The new regulation imposes strict data privacy requirements, including plain language notices and opt-in permission, on companies anywhere in the world…
The GDPR not only applies to organisations located within the E.U. but it will also apply to organisations located outside of the E.U. if they offer goods or services to, or monitor the behaviour of, E.U. data subjects. It applies to all companies processing and holding the personal data of data subjects residing in the European Union, regardless of the company’s location.

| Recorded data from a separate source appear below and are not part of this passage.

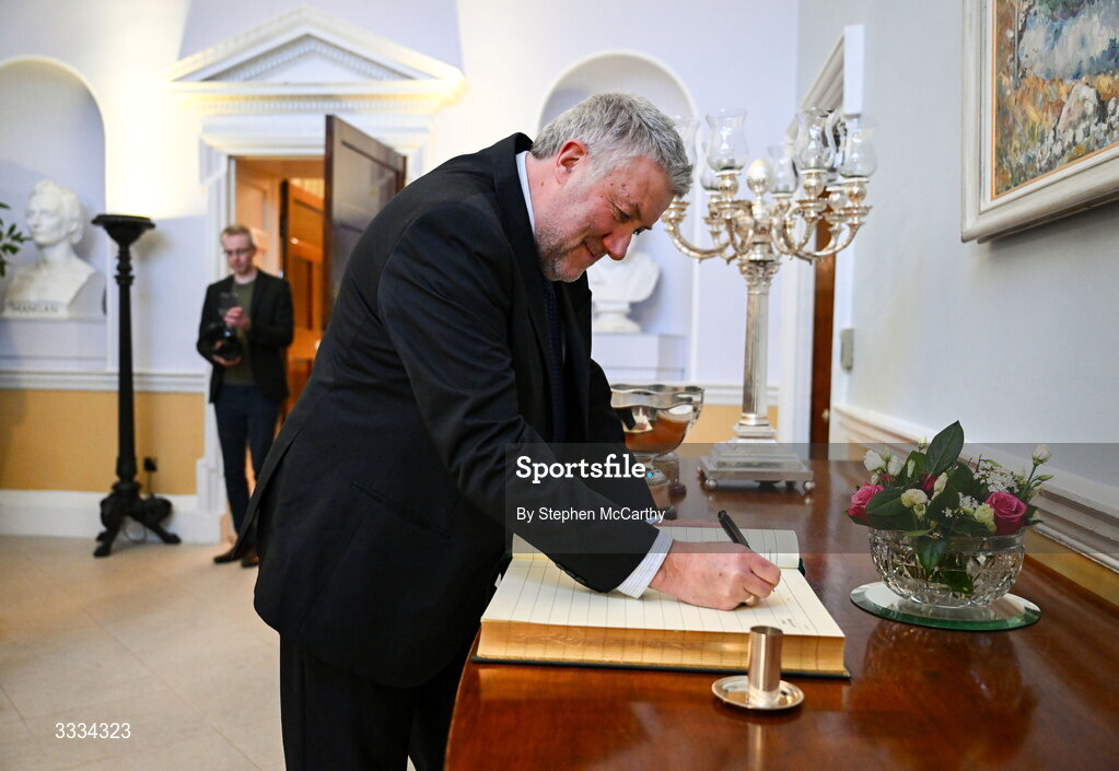 29 January 2026; FAI president Paul Cooke signs the guest book on arrival for The President of Ireland Catherine Connolly to receive FAI President's Cup representatives at Áras an Uachtaráin in Dublin. On Saturday 31st January, last season’s SSE Airtricity Men’s Premier Division and Sports Direct FAI Men’s Cup winers Shamrock Rovers will play SSE Airtricity Men’s Premier Division runners-up Derry City at Tallaght Stadium. On Sunday 8th March, 2025 SSE Airtricity Women’s Premier Division and Sports Direct FAI Women's Cup winners Athlone Town will play the SSE Airtricity Women’s Premier Division runners-up Shelbourne at Athlone Town Stadium. Photo by Stephen McCarthy/Sportsfile
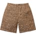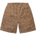 Poly blend with jacquard woven pattern and mesh lining. On seam hand pockets and single back zip pocket. Elastic waistband with interior drawcord.
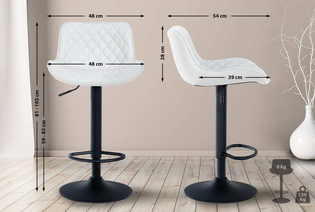 Grâce au vérin à gas prévu dans la colonne de la structure, ces tabourets de bar sont réglables en hauteur.
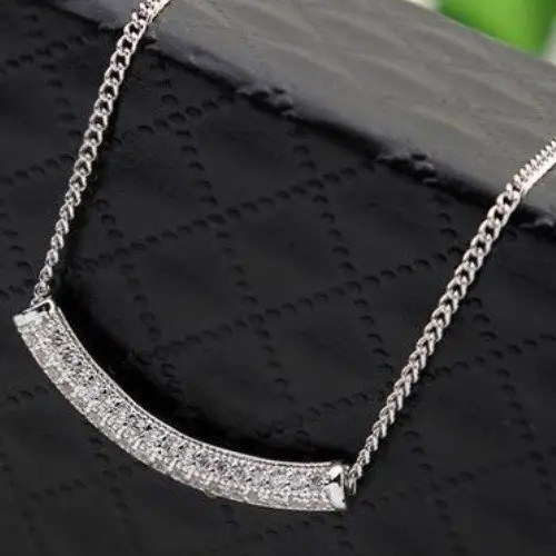 Trendy štýl, medený, zahnutý valčekový náhrdelník s príveskom, so zirkónovými kamienkami.
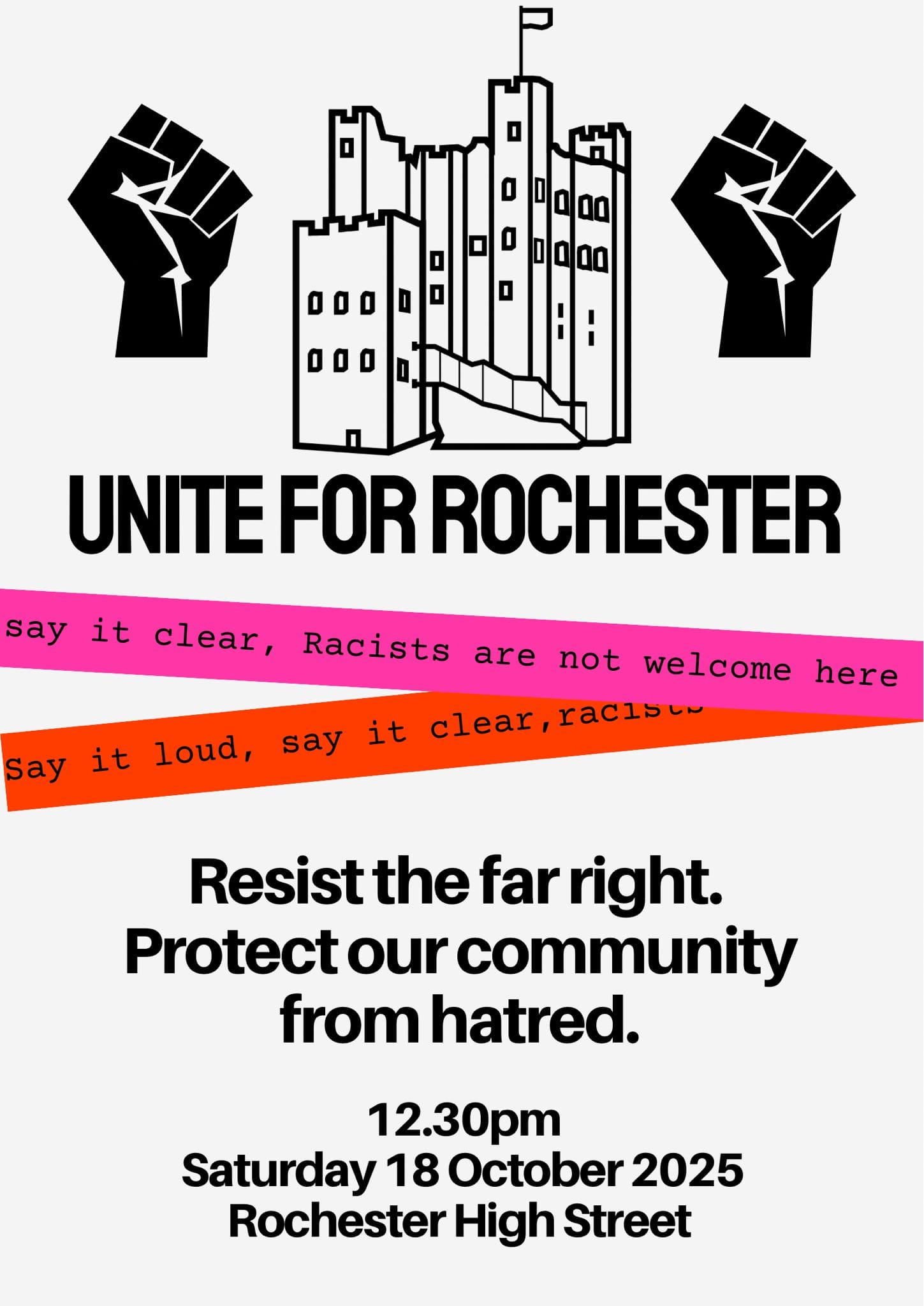 A counter-protest is already planned. Posters advertising a ‘Unite for Rochester’ event propose meeting on the High Street half an hour before the UKIP start time with the call to resist the far right and defend the community.

The GDPR applies to ‘personal data’ meaning any information relating to an identifiable person who can be directly or indirectly identified in particular by reference to an identifier. This definition provides for a wide range of personal identifiers to constitute personal data, including name, identification number, location data or online identifier, reflecting changes in technology and the way organisations collect information about people.
A U.S. company with only U.S. customers can ignore it, but since on the Internet, no one knows if you’re a dog or a European, the safe route is to accept the E.U. rule as the lowest common denominator and apply the required safeguards across the board.
That’s how the online world works. Legal borders exist, but you never know when you’re going to cross one. The U.S. congress can debate privacy rules all it wants, but the E.U. has effectively preempted it. Unless U.S. lawmakers want to raise the stakes and implement even tougher safeguards.
It’s a principle that’s worth keeping in mind as the California legislature considers enacting its own network neutrality laws. If the E.U. – counted as one, the world’s second largest economy – can write default rules for the Internet, then maybe California, the fifth largest economy, can too.